Hey folks,
I need to implement some sort of partitioning of data records. A certain part of records should be processed in one way, another part in another way. So I thought it would be nice to implement a stable partitioning algorithm that splits datasets into a given number of partitions with given proportions.
So, given three partitions and their relative thresholds
[a: 0, b: 0.33, c: 0.66]
I want to be able to take a term, pipe it into a partitioning function and receive the name of the partition:
partition("foo", partitions: partitions) # => :a
partition("bar", partitions: partitions) # => :c
partition("foobar", partitions: partitions) # => :b
My idea is to use a simple hash function to generate a uniformly distributed stable pseudo-random number for any term and then pick the suitable partition.

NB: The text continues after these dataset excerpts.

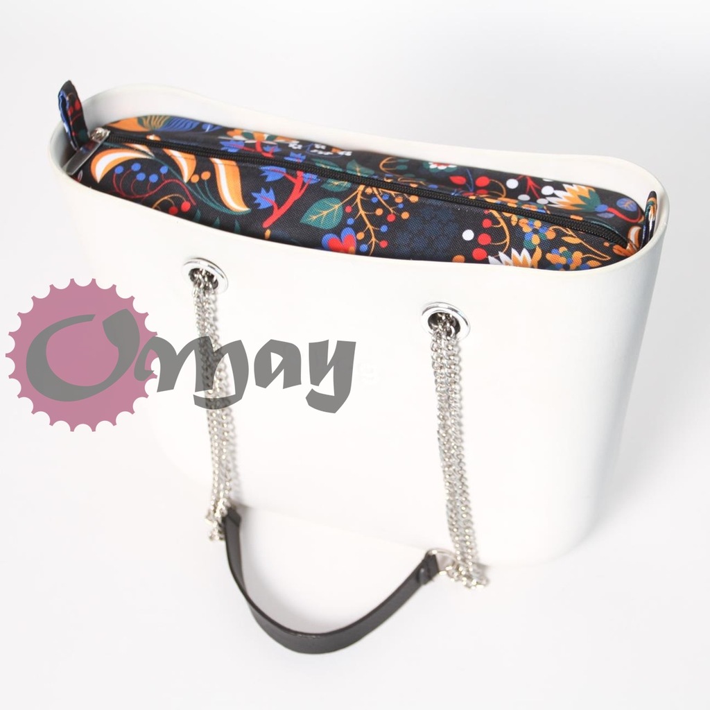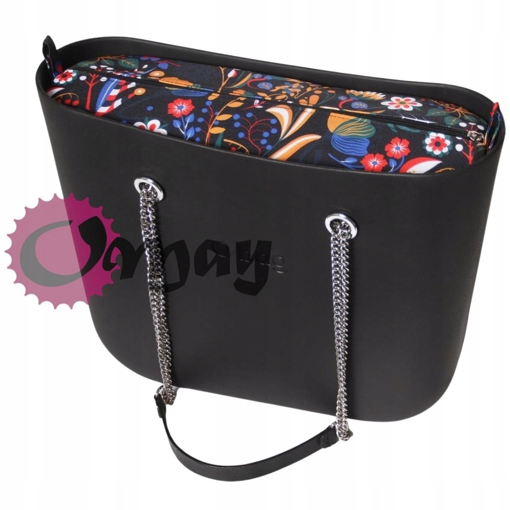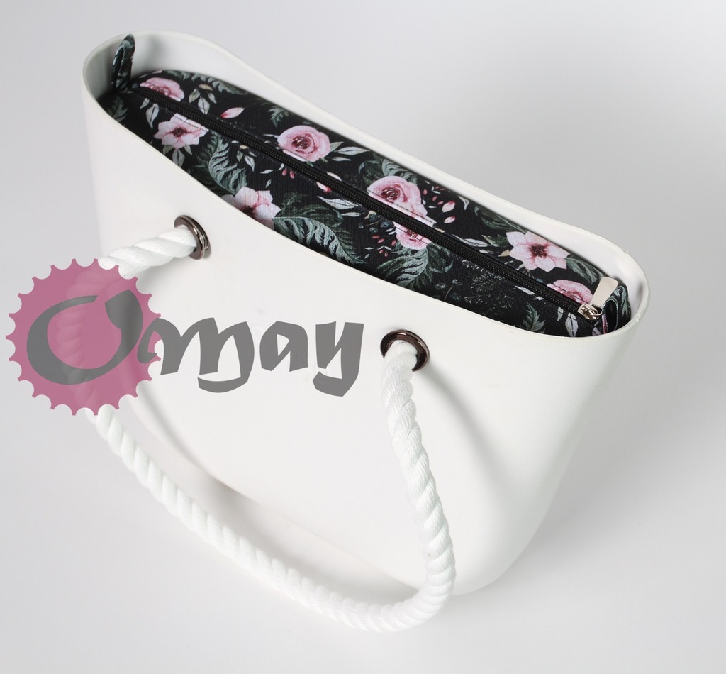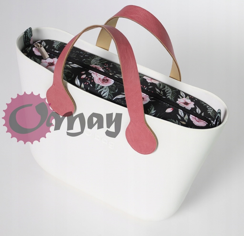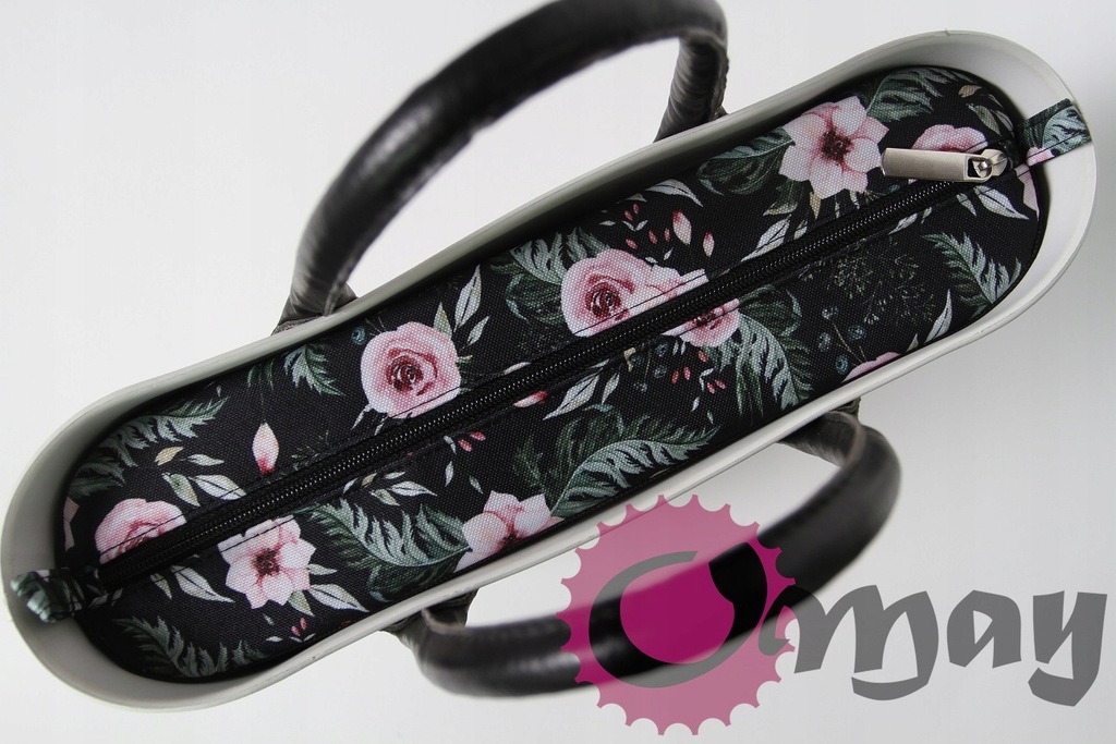organizer OBAG MINI róże czarne kwiaty pudrowy róż wkład 2 kieszenie OMAY
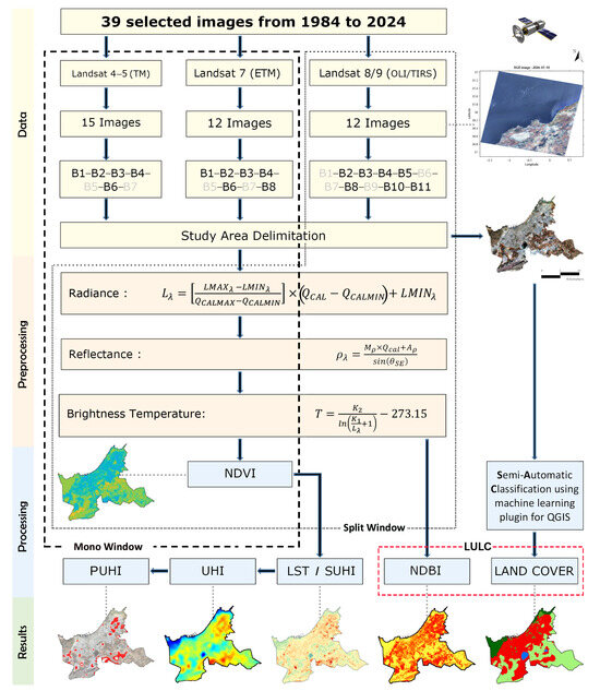 In our study, the methodology illustrated in Figure 6 was applied. We used 39 Landsat images, which were preprocessed and processed using MATLAB R2022. This allowed for the extraction of biophysical indices, particularly the NDBI, to identify built and non-built areas. To refine LULC data and analyze urban sprawl, a semi-automatic classification was performed using QGIS software version 3.10.5. Additionally, the NDVI was calculated to analyze vegetated areas, and it was further used to generate LST maps, which helped to estimate the intensity of the SUHI and assess its spatiotemporal evolution. The areas affected by UHI were identified, cross-referenced, and delineated, facilitating the determination of zones impacted by PUHI.
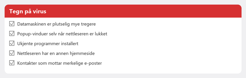 Ikke alle problemer er virus, men det er klare advarselstegn. Datamaskinen din har plutselig blitt mye tregere. Popup-vinduer vises selv når nettleseren din er lukket. Du ser programmer du ikke kjenner igjen. Nettleseren din har en annen hjemmeside. Kontakter mottar merkelige e-poster fra adressen din. Hvis du gjenkjenner ett eller flere av disse symptomene, er det på tide å iverksette tiltak.
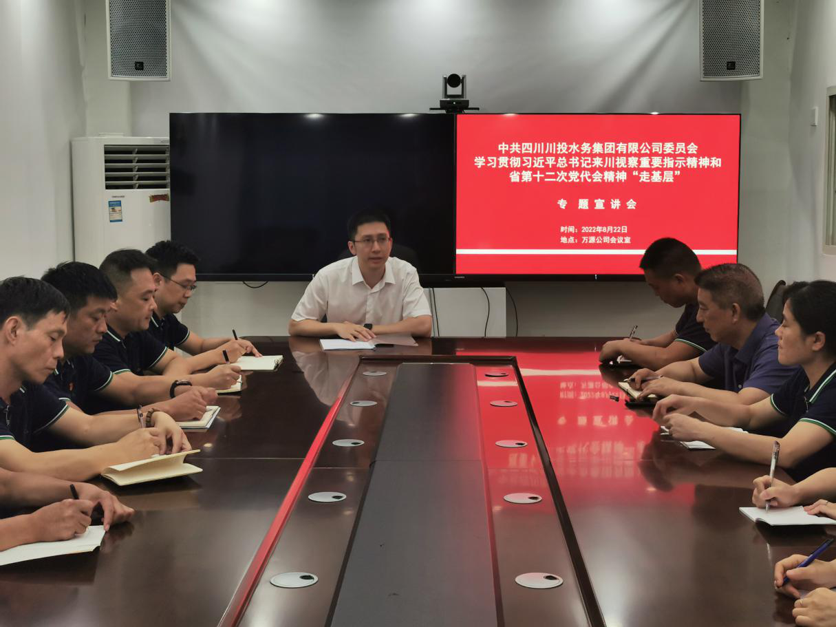 根據(jù)川投水務(wù)集團(tuán)黨委《關(guān)于認(rèn)真做好學(xué)習(xí)貫徹習(xí)近平總書(shū)記來(lái)川視察重要指示精神和省第十二次黨代會(huì)精神“走基層”專題宣講的通知》統(tǒng)一安排部署,8月23日,川投水務(wù)集團(tuán)黨委委員、副總經(jīng)理嚴(yán)斯亮來(lái)到萬(wàn)源公司開(kāi)展專題宣講活動(dòng)。
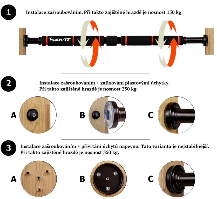 Ideálna na použitie doma i na cestách, pretože sa ľahko prenáša a kvôli pevnej inštalácii nie je nutné vŕtať - pre optimálny tréning hornej časti tela, najmä pre posilnenie svalov paží, brucha a chrbta.
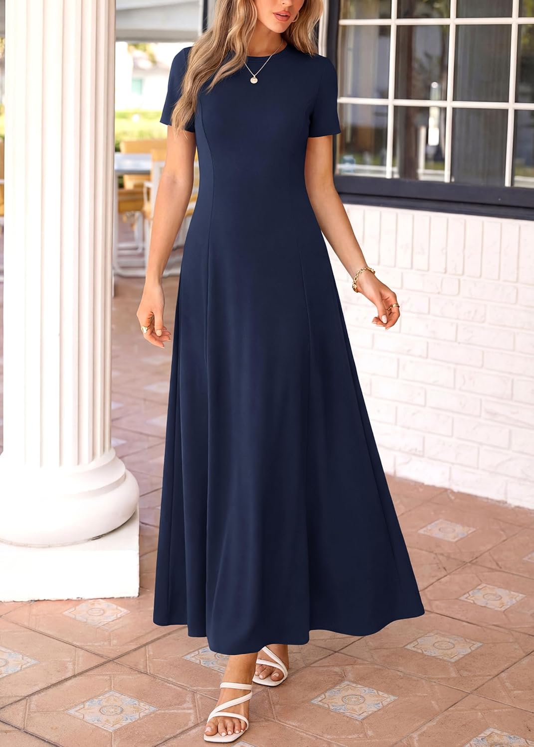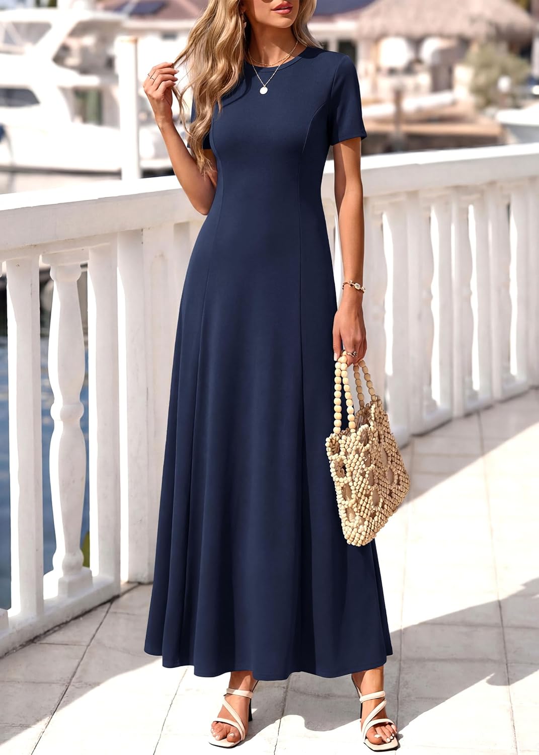 KIRUNDO Maxi Attire For Girls 2026 Brief Sleeve Flowy Seaside Trip Lengthy Costume

Here’s what I’ve come up. I’m really curious to see what you think of the approach or if you have ideas for better/faster/more elegant solutions.
defmodule Partitioner do
@spec partition(term :: []) :: integer()
def partition(term, opts \\ []) do
term
|> normalize(opts)
|> do_partition(opts)
end
defp normalize(term, opts) do
salt = Keyword.get(opts, :salt, nil)
{term, salt}
|> :erlang.term_to_binary()
|> do_hash()
|> :binary.first()
|> do_normalize()
end
defp do_hash(binary), do: :crypto.hash(:sha, binary)
defp do_normalize(int), do: int / 255
defp do_partition(float, opts) do
opts
|> Keyword.get(:partitions, a: 0, b: 0.5)
|> Enum.max_by(&match_partition(float, &1))
|> elem(0)
end
defp match_partition(float, {_, threshold}) when float > threshold, do: threshold
defp match_partition(_, _), do: 0
end